PKN treft voorzieningen voor drie hhg's
Het synodebestuur van de Protestantse Kerk in Nederland (PKN) heeft toegezegd in maart 2010 de duurzaamheid van de beleggingen van de kerk te evalueren. Dan wordt ook bekeken of de nota ”Duurzaamheid en beleggen” moet worden aangepast.
De kleine synode van de Protestantse Kerk in Nederland (PKN) boog zich vrijdag onder andere over de jaarrekening van de Stichting de Zending der Protestantse Kerk. Deze stichting verloor verleden jaar 7,9 miljoen euro op de beurs. In een bij de jaarrekening opgenomen uitleg meldt het bestuur dat het vermogen van de stichting is gedaald tot bijna 29 miljoen euro.Het bestuur verantwoordt zich over het gevoerde beleid en concludeert geopereerd te hebben binnen de regels van de nota ”Duurzaamheid en beleggingen”, die de PKN in 2007 heeft opgesteld.
Na vragen uit de kleine synode zegde het synodebestuur toe om in maart 2010 een evaluatie te houden over de duurzaamheid van de beleggingen van de kerk.
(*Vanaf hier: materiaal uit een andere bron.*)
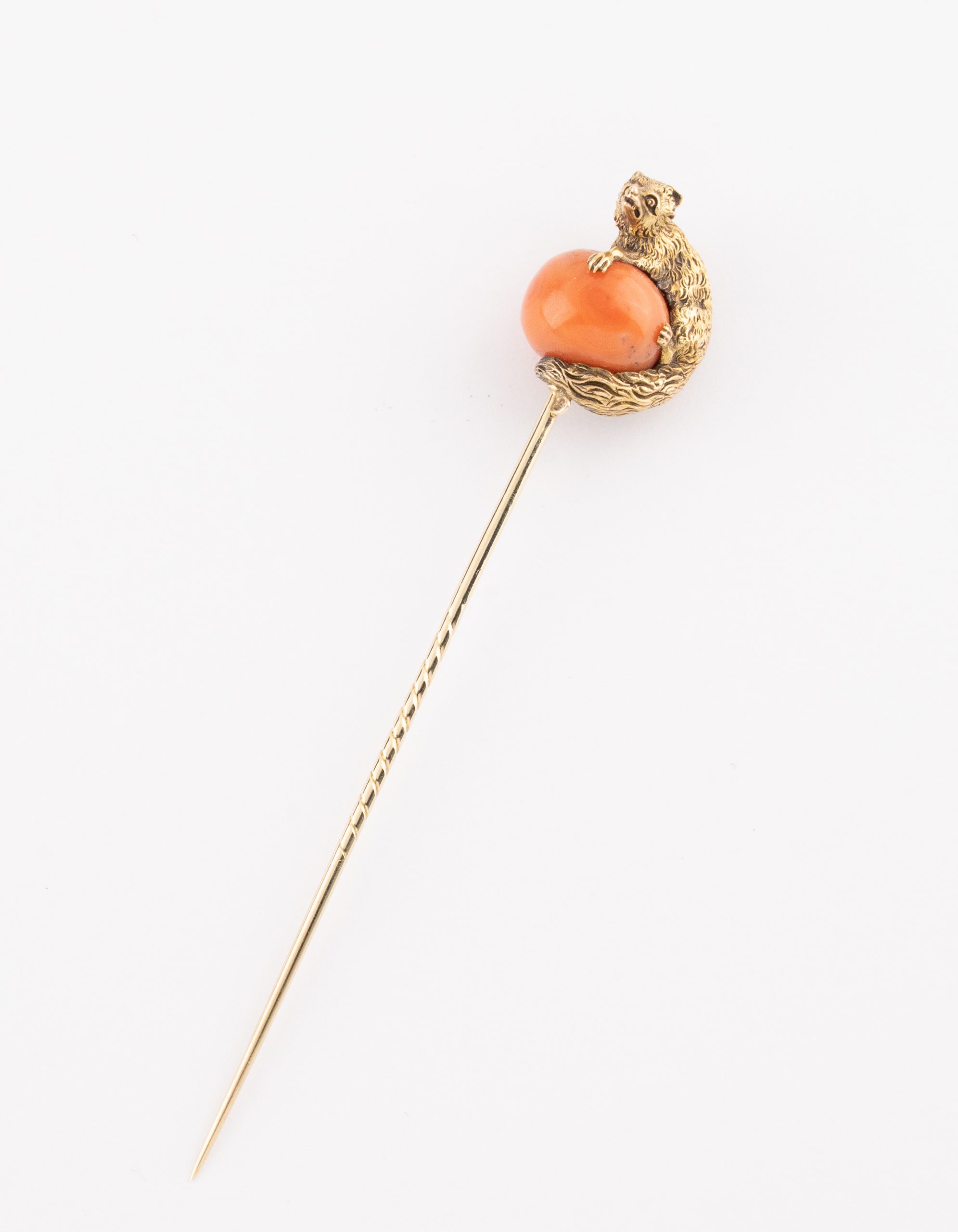 Eine außergewöhnliche Krawattennadel gearbeitet in form eines auf einer Korallenkugel sitzenden Marders in 14 Karat (585/1000)Gelbgold.
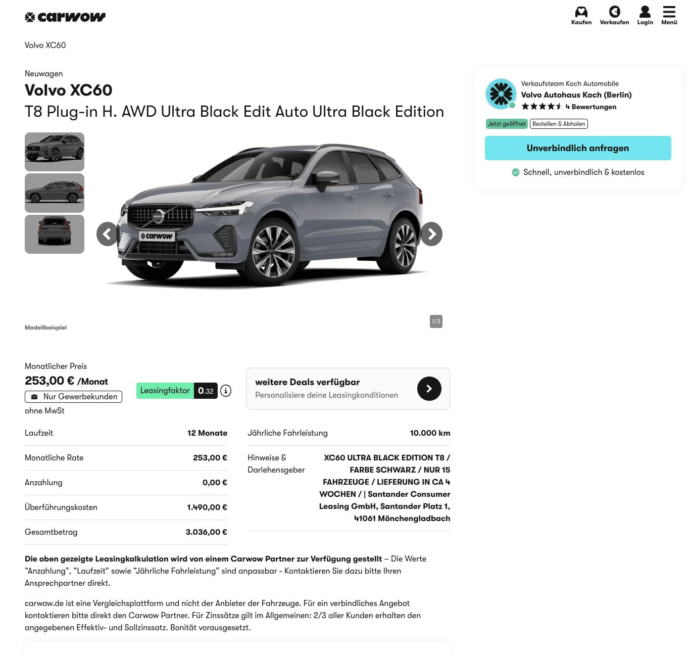 Und der Preisvorteil ist enorm: Während der Marktführer für dasselbe Modell stolze 1.496 Euro netto monatlich verlangt, gibt es den XC60 T8 bei carwow schon für 253 Euro netto, ein Unterschied, der sich sehen und spüren lässt.

Ook wordt dan bezien of het beleggingsstatuut van de PKN moet worden aangepast.
Overigens werd vrijdag duidelijk dat de waarde van de portefeuille van Stichting de Zending der Protestantse Kerk inmiddels weer in de lift zit. Op 14 september bedroeg het koersherstel op de hele portefeuille 8 procent.
De kleine synode stemde vrijdagmiddag achter gesloten deuren in met voorzieningen voor de hersteld hervormde gemeenten van Ridderkerk, Sint Maartensdijk en Maartensdijk. In Ridderkerk wordt kerkrentmeesterlijk en diaconaal vermogen van de hervormde gemeente overgedragen aan de hersteld hervormde gemeente.
In Sint Maartensdijk worden kerkgebouw en verenigingsgebouw voor vijftig jaar in erfpacht gegeven aan de hersteld hervormde gemeente, waarbij de hervormde gemeente het recht houdt om tegen vergoeding van kosten kerkdiensten en andere kerkelijke activiteiten te houden in het kerkgebouw. De pastorie, landerijen, een perceel grond en kerkrentmeesterlijk en diaconaal vermogen worden overgedragen aan de hersteld hervormde gemeente.
Ook in Maartensdijk wordt het kerkgebouw en het catechisatielokaal voor vijftig jaar in erfpacht gegeven aan de hersteld hervormde gemeente. Het eigendom van het verenigingsgebouw en de pastorie wordt overgedragen, evenals geld van de kerkrentmeesters en diaconie. Daarbij houdt de hervormde gemeente het recht om één dag per week gebruik te maken van het verenigingsgebouw. De begraafplaats wordt voor de helft overgedragen aan de hersteld hervormde gemeente.